Friday is outdoor market day in Gros Morne. Orna, a nurse from our women’s health clinic, and I bargain with the women merchants for the best price for rice, beans, vegetables, cooking oil, and cans of fish. We insist on “diri jon”, the local Haitian yellow rice, which is more fragrant and tastier than the cheap rice from Arkansas that has flooded the Haitian markets. We encounter one of our nurses who has gathered a group of market women around her, encouraging them to come to our cervical cancer screening clinic. I put the food supplies on the back of our clinic motorcycle, and we head south out of Gros Morne on National Route 5.
Four miles out of town, just beyond the bridge crossing Trois Rivière, we turn onto an unpaved mountain road, and wind our way until we came upon Madame Beauchamp’s small thatch roofed hut. We stop, and I carry the food into her one-room house. Madame was sitting in the backyard, tired and emaciated, looking older than her thirty-five years. Cancer had taken a toll. Also, it is a hard life for women in Haiti, and many women age quickly. She is talking with her mother while her three small children scurry in and out of the hut.
“How are you today, Madame?”
“Kenbe la, Dokte Mike, wi, kenbe la” I am holding on, Doctor Mike, yes, I am.
“Kenbe la” is a response that many Haitian women use. The phrase means more than just holding on. It implies, “I am not defeated, not beaten back despite not having water or electricity, without a Haitian dollar in my pocket, and now battling this disease that is draining my strength.”
“How is the pain in your hip, Madame?”
“Not so bad, no.”
I don’t believe her. Haitians are stoic about tolerating pain, and her cervical cancer had spread to her bones. I convince her to take more analgesics.
After I return to Washington, Orna and another clinic nurse drive the motorcycle out to see Madame every few days, to make sure she has sufficient food and pain medicine. At 8 pm on a Friday night, Orna calls me by cell phone to tell me that Madame had died. Orna was by her side when she passed.
“She was too young to die, Mike,” she says in Creole.
Cancer of the cervix is a major cause of death of women in Haiti. Unfortunately, preventing cervical cancer is a complex social and medical challenge that cannot be solved by simply introducing critical technology, like the Pap test, or the HPV vaccine. To establish a successful cancer control program, we needed to initiate a community cancer education program, establish hospital-based and mobile clinics, train nurse/educators to perform a range of gynecological procedures, and establish an
infrastructure of competent pathologists, radiologists, and surgeons capable of performing definitive cancer operations. Medical care is not free in Haiti, and at each step we subsidize a high standard of patient care.

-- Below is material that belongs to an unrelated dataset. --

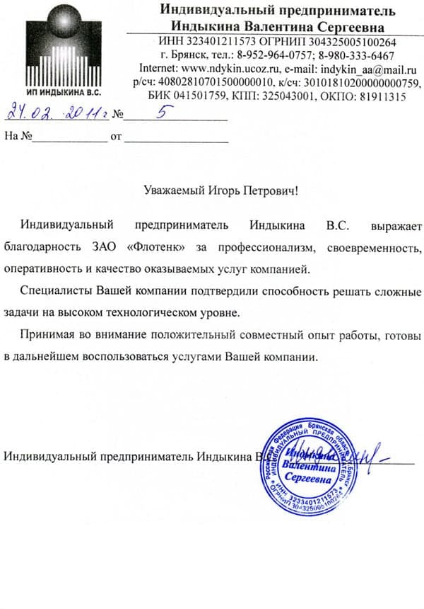 Рекомендательное письмо ИП "Индыкина В.С."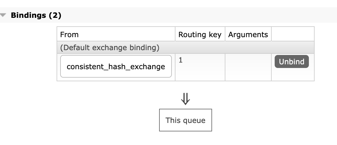 When a queue is bound to a Consistent Hash exchange, the binding key is a number-as-a-string which indicates the binding weight: the number of buckets (sections of the range) that will be associated with the target queue.

Despite establishing an effective cancer control program, there are many women, like Madame Beauchamp, who come to us with advanced cancer. We assume the responsibility for their care , which often involves providing food, and helping them to cope in their day-to-day lives.
We can measure our success by the number of women we have screen for cancer, the early cancers we have eradicate, the other conditions we diagnosed and treated, and the overall improvement in women’s health in the community (see table). However, we take the greatest pride in the cadre of highly skilled and compassionate nurses we have trained, who often travel dark country roads to ensure that our patients have sustenance, are free of pain, and are living with dignity.